The requirement is still deemed proper and is therefore made FINAL.
The Examiner notes that Applicant has elected Species I.
Claim Rejections - 35 USC § 103
The following is a quotation of 35 U.S.C. 103 which forms the basis for all obviousness rejections set forth in this Office action:
A patent for a claimed invention may not be obtained, notwithstanding that the claimed invention is not identically disclosed as set forth in section 102, if the differences between the claimed invention and the prior art are such that the claimed invention as a whole would have been obvious before the effective filing date of the claimed invention to a person having ordinary skill in the art to which the claimed invention pertains. Patentability shall not be negated by the manner in which the invention was made.
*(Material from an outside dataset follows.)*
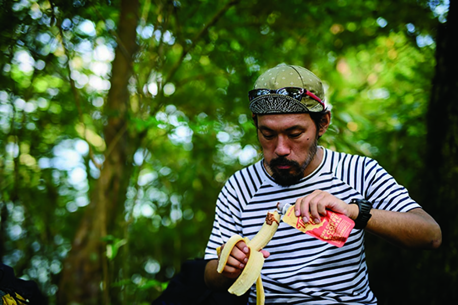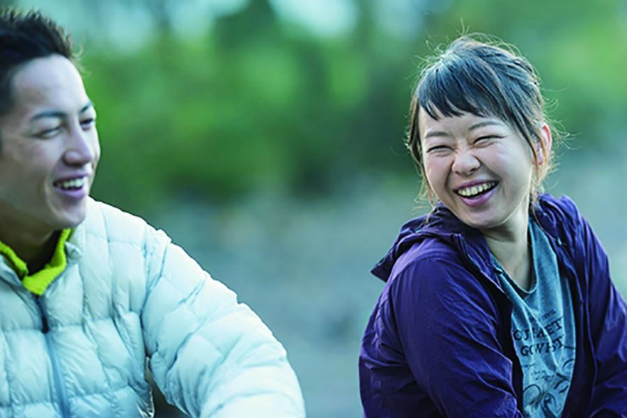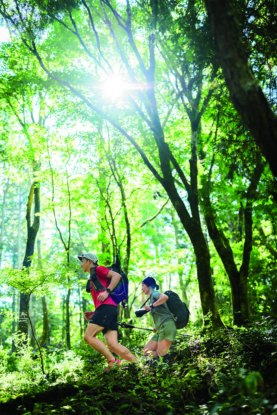 話を振る作戦だ。〝若様〞が愛称の若林さんは、トレランを始めて間もないが、すでにレースで上位に食い込む駿足の持ち主だ。若さ溢れる爽やかな笑顔は、〝様〞で呼びたくなるのも納得だ。水越さんはレースフリークで、数々のロングレースに繰り出しては走破している。「う〜ん、水越さんは、ワル……ワルサワさんで!」

Claim(s) 1-20 is/are rejected under 35 U.S.C. 103 as being unpatentable over Fan, Jonathan A. “Freeform metasurface design based on topology optimization.” MRS Bulletin 45 (2020): 196-201 (“Fan”) (made of record by Applicant) in view of Truby, Ryan L. and Jennifer A. Lewis. “Printing soft matter in three dimensions.” Nature 540.7633 (2016): 371-378 (“Truby”) (made of record by Applicant); Malas, Asish, et al. "Fabrication of high permittivity resin composite for vat photopolymerization 3D printing: Morphology, thermal, dynamic mechanical and dielectric properties." Materials 12.23 (2019): 3818. (“Malas”) (made of record by Applicant); US 2014/0009350 (“Lam”) (made of record by Applicant); US 2021/0088392 (“Pennsylvania” or “Kagan”) (made of record by Applicant); and US 2020/0278476 (“Negev” or “Karabchevsky”) (made of record by Applicant), as applied below.
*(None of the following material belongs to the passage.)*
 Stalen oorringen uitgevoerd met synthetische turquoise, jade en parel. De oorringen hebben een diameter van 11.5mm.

Regarding claim 1, Fan discloses an apparatus (abstract- Metasurfaces are thin-film electromagnetic devices with subwavelength-scale geometric structuring) comprising: a.three-dimensional metamaterial, having a grayscale dielectric profile, to produce a certain electromagnetic response (Fig. 1; abstract- Metasurfaces are thin-film electromagnetic devices with subwavelength-scale geometric structuring. They can be tailored to produce a broad range of optical functions due to the strong relationship between electromagnetic response and geometric shape; pg. 201, col 1, para 2- the inverse design of metasurfaces is the extension of device layouts to fully three-dimensional (3D) shapes; pg. 197, para 2- The device comprises a set of subwavelength-scale voxels and is initialized with random grayscale dielectric value; pg. 197, para 2-3 The dielectric constant at each voxel is then iterative updated using the expression for gradient descent above the condition that final devices take discrete dielectric constant values can be enforced by gradually increasing the magnitude of penalty terms in the figure of merit that penalize the presence of grayscale dielectric values).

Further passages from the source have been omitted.